Exercise details: Your answer is to be the exact text of the lines from the one containing "Impermeable infantil tipo" through the final line of the entries, restated in full, with pictures omitted.

[Items from a data source]
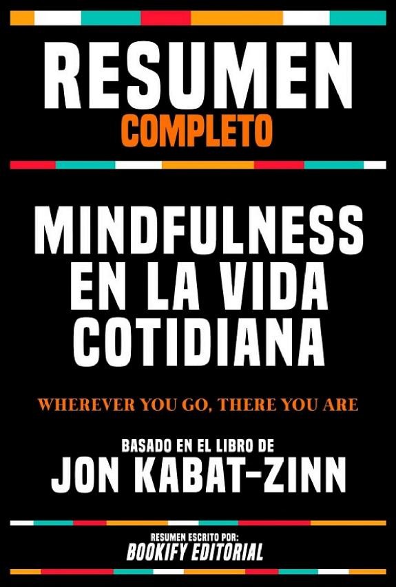 RESUMEN COMPLETO DE MINDFULNESS EN LA VIDA COTIDIANA (WHEREVER YOU GO, THERE YOU ARE) – BASADO EN EL LIBRO DE JON KABAT-ZINN RESUMEN ESCRITO POR: BOOKIFY EDITORIAL ¿Vives estresado y sin energía? ¿No sabes cómo salir de la vorágine del día a día? ¿Necesitas que tu mente descanse? Incorpora el hábito de la meditación mindfulness y tu vida cambiará. ACERCA DEL LIBRO ORIGINAL: El tema de la obra es la atención plena (o mindfulness), que es una forma de meditación que consiste en prestar atención al momento presente, consciente y deliberadamente y sin juzgar. Es este un concepto que en la actualidad ha trascendido sus orígenes espirituales budistas y que se fomenta dentro de todo tipo de organizaciones, desde empresas a centros educativos. En muchos sistemas de salud se lo sugiere como terapia para atender al estrés, la ansiedad o el dolor. ¿QUÉ APRENDERÁS? Lograrás relajarte y sentirte liberado de las presiones del pasado y del futuro. Valorarás en su justa medida los problemas, para los que encontrarás la solución más adecuada. Descubrirás en tu interior la energía que necesitas para asumir tus decisiones. Mejorará tu cuerpo, tu fisiología. Te sentirás mucho mejor y más feliz. ACERCA DE JON KABAT-ZINN, AUTOR DEL LIBRO ORIGINAL: Jon Kabat-Zinn es un médico y profesor estadounidense que ha desempeñado un rol importante en la Clínica para la Reducción del Estrés y en el Centro para la Atención Plena en la Universidad de Masachusetts. Sus investigaciones con el uso de disciplinas orientales lo han llevado a incluirlas en el tratamiento de personas afectadas por estrés. ACERCA DE BOOKIFY EDITORIAL, EL AUTOR DEL RESUMEN: LOS LIBROS SON MENTORES. Pueden guiar lo que hacemos en nuestras vidas y cómo lo hacemos. Muchos de nosotros amamos los libros mientras los leemos y hasta resuenan con nosotros algunas semanas después, pero luego de 2 años no podemos recordar si lo hemos leído o no. Y eso no está bien. Recordamos que, en el momento, aquel libro significó mucho para nosotros. ¿Por qué es que tiempo después nos hemos olvidado de todo? Este resumen toma las ideas más importantes del libro original. A muchas personas no les gusta leer, solo quieren saber qué es lo que el libro dice que deben hacer. Si confías en el autor no necesitas de los argumentos. La gran parte de los libros son argumentos de sus ideas, pero muy a menudo no necesitamos argumentos si confiamos en la fuente. Podemos entender la idea de inmediato. Toda esta información está en libro original. Este resumen hace el esfuerzo de reducir las redundancias y convertirlas en instrucciones directo al grano para las personas que no tienen intención de leer el libro en su totalidad. Esta es la misión de BOOKIFY EDITORIAL.
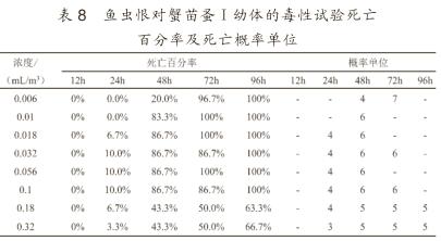 (2)兩種藥品對蟹苗蚤Ⅰ幼體的毒性試驗(yàn)。配制實(shí)驗(yàn)溶液,進(jìn)行對蟹苗蚤Ⅰ幼體毒性試驗(yàn)。將得到的死亡數(shù)進(jìn)行平均,求出死亡百分率,查表得到相應(yīng)的死亡概率單位,如表7、表8。
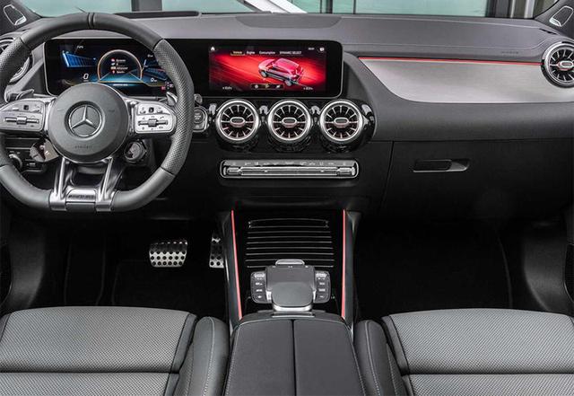 内饰部分,AMG GLA 35延续了新一代奔驰GLA (配置|询价)的设计,采用豪华大尺寸双联屏设计,搭配样式新颖的空调出风口,看上去既精致又科技。新车还配有三辐式多功能平底运动方向盘,结合多处红色线条点缀,使车内运动氛围倍增。
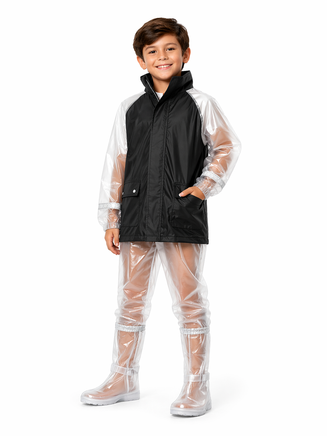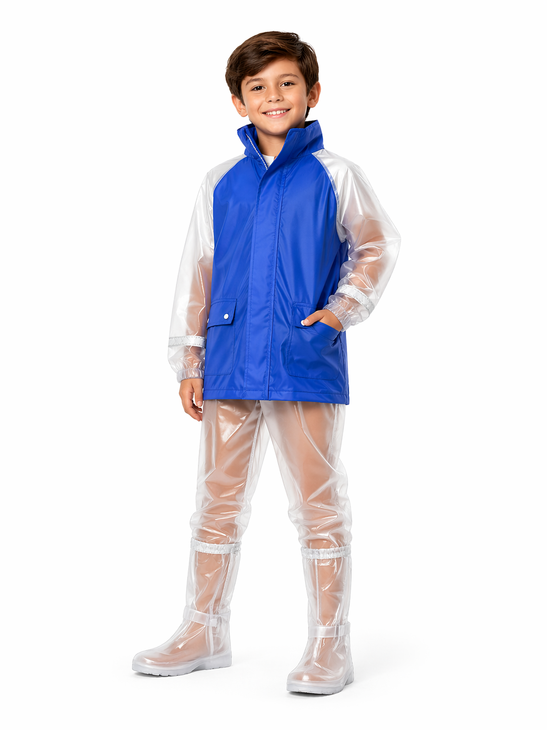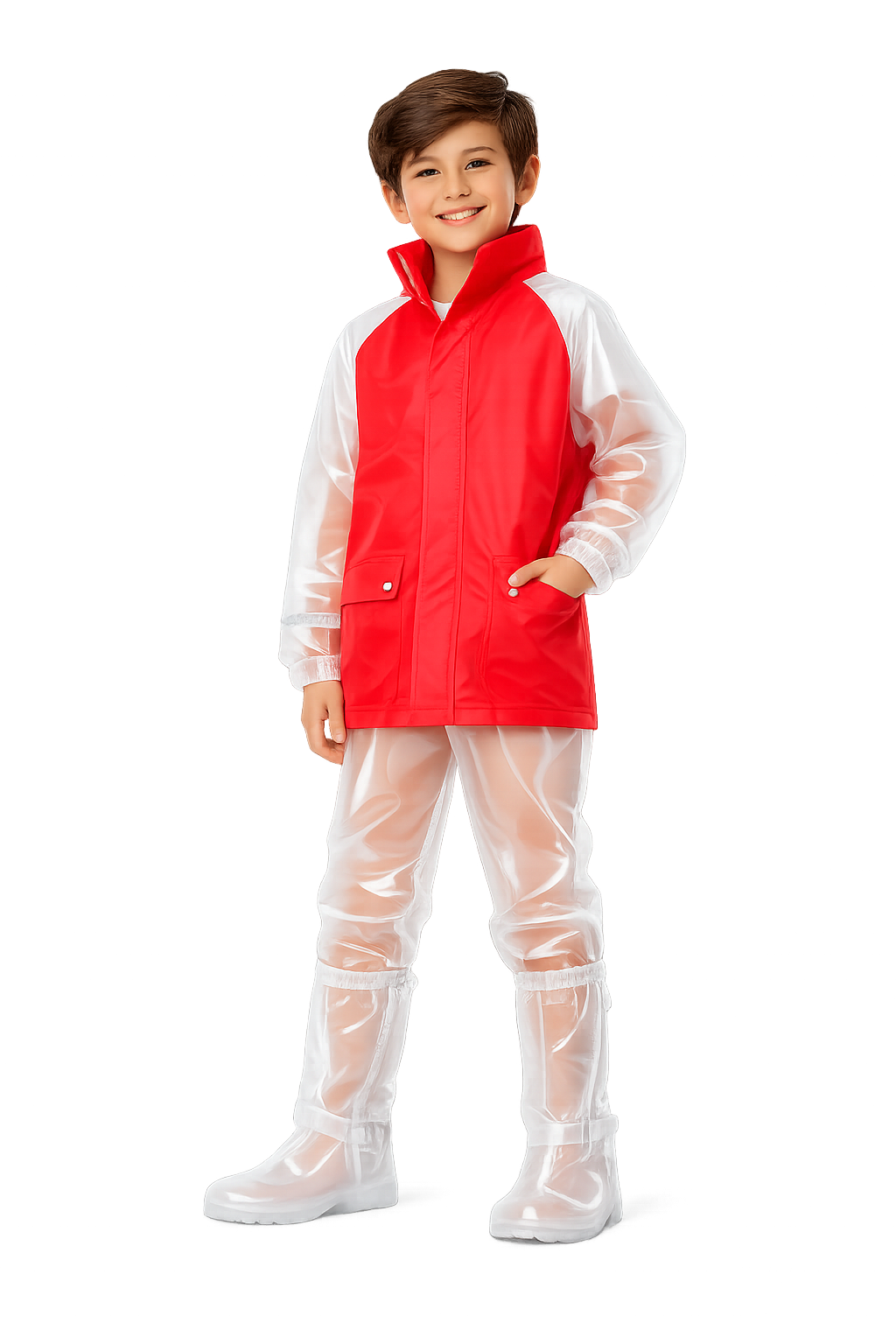 Impermeable infantil tipo traje diseñado para brindar protección total contra la lluvia en trayectos diarios, paseos o viajes en moto. Su diseño de dos piezas ofrece cobertura completa del cuerpo, manteniendo a los niños secos, cómodos y visibles incluso en condiciones climáticas exigentes.
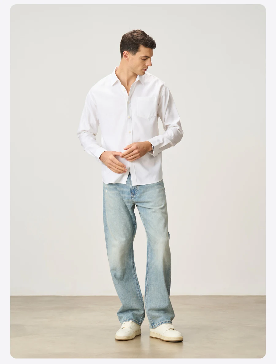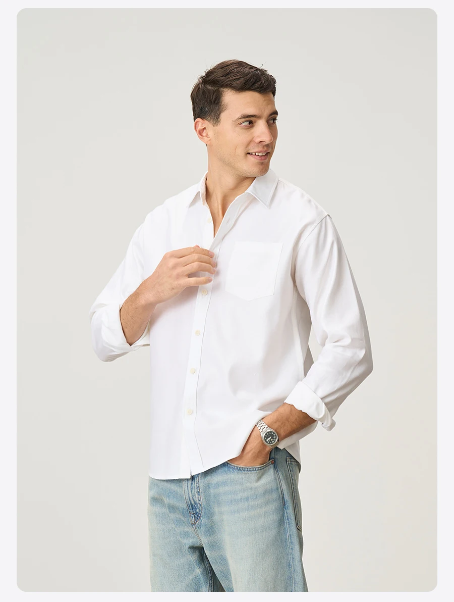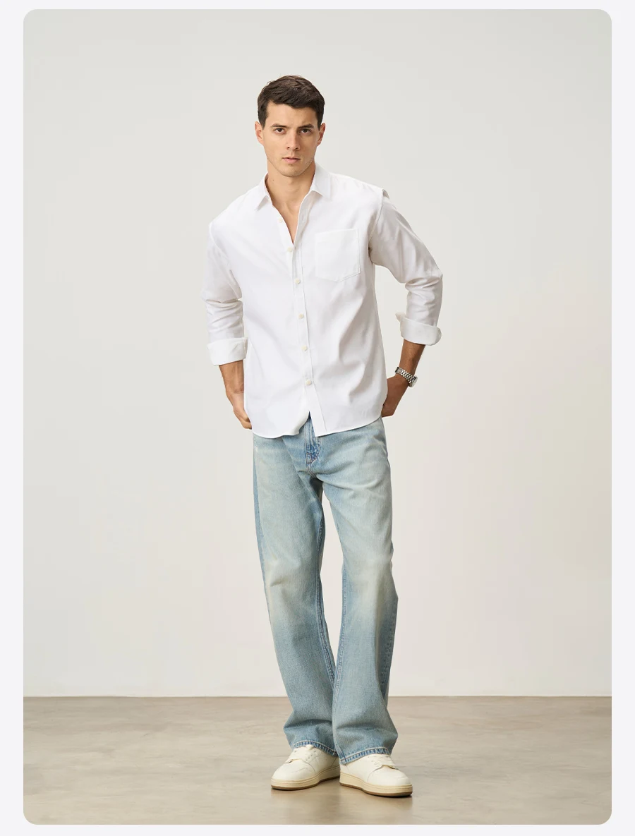 SIMWOOD 2025 Summer Autumn New 170gsm Cool Breathable Linen Cotton Blend Fabric Shirts Men Comfortable Tops
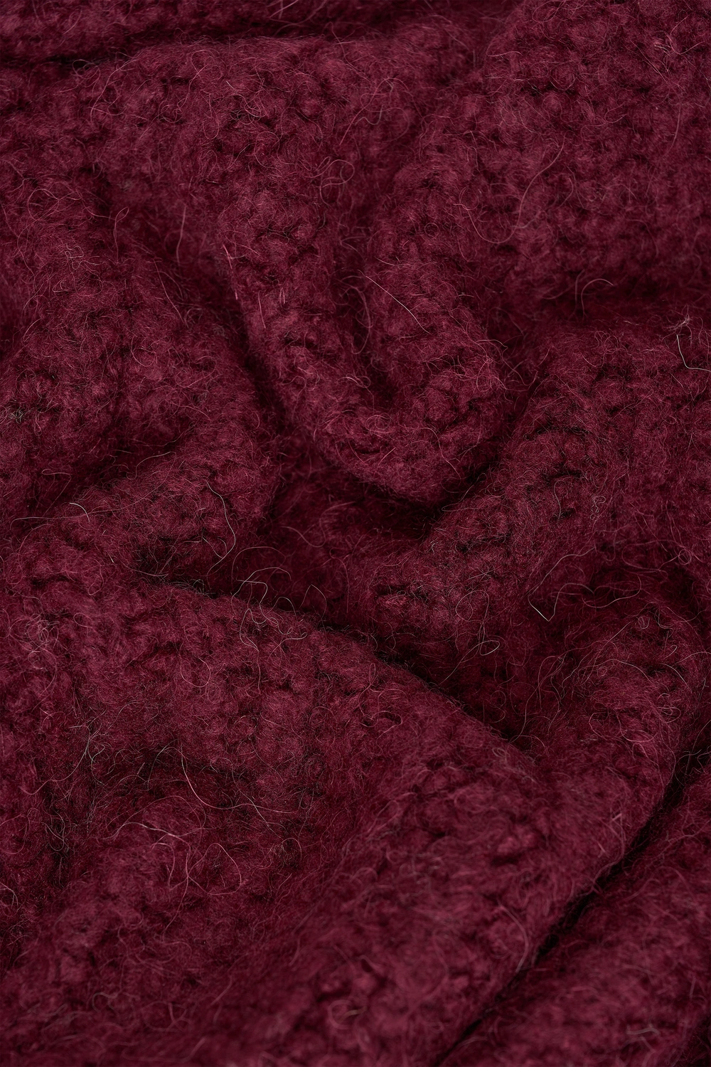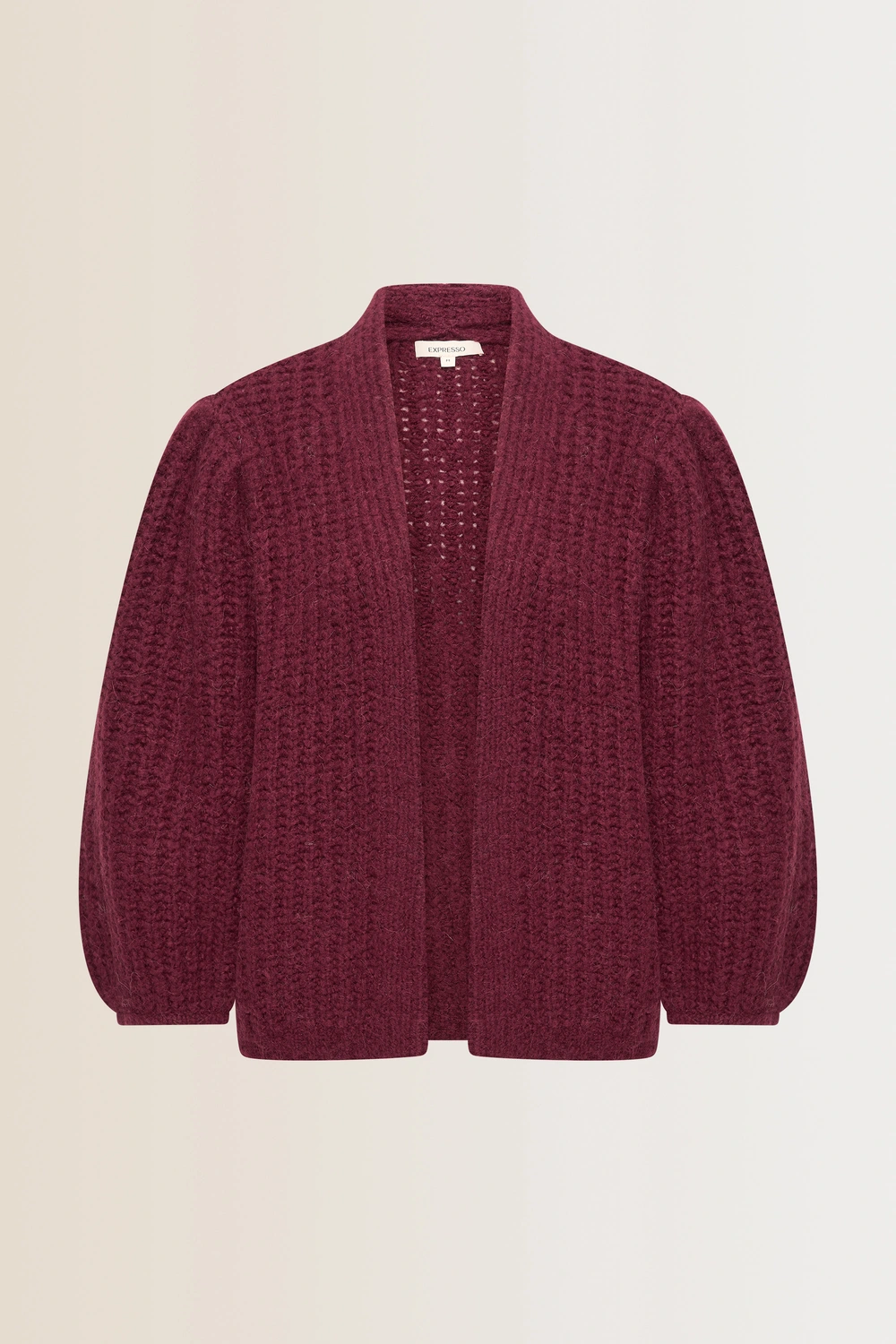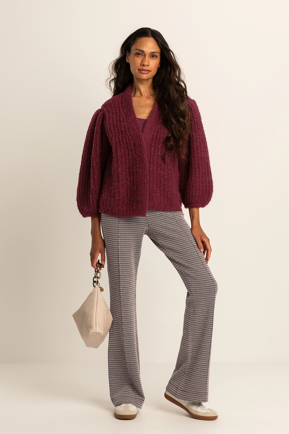 Bordeauxrood vest – wolmix met alpaca. Losvallend model zonder sluiting, met lange ballonmouwen en verlaagde schouders. Het grofgebreide ribpatroon geeft dit vest een rijke, cosy uitstraling, terwijl de luchtige structuur zorgt voor draagcomfort. Ideaal om te layeren over tops en jurken.

Result:
 Impermeable infantil tipo traje diseñado para brindar protección total contra la lluvia en trayectos diarios, paseos o viajes en moto. Su diseño de dos piezas ofrece cobertura completa del cuerpo, manteniendo a los niños secos, cómodos y visibles incluso en condiciones climáticas exigentes.
 SIMWOOD 2025 Summer Autumn New 170gsm Cool Breathable Linen Cotton Blend Fabric Shirts Men Comfortable Tops
 Bordeauxrood vest – wolmix met alpaca. Losvallend model zonder sluiting, met lange ballonmouwen en verlaagde schouders. Het grofgebreide ribpatroon geeft dit vest een rijke, cosy uitstraling, terwijl de luchtige structuur zorgt voor draagcomfort. Ideaal om te layeren over tops en jurken.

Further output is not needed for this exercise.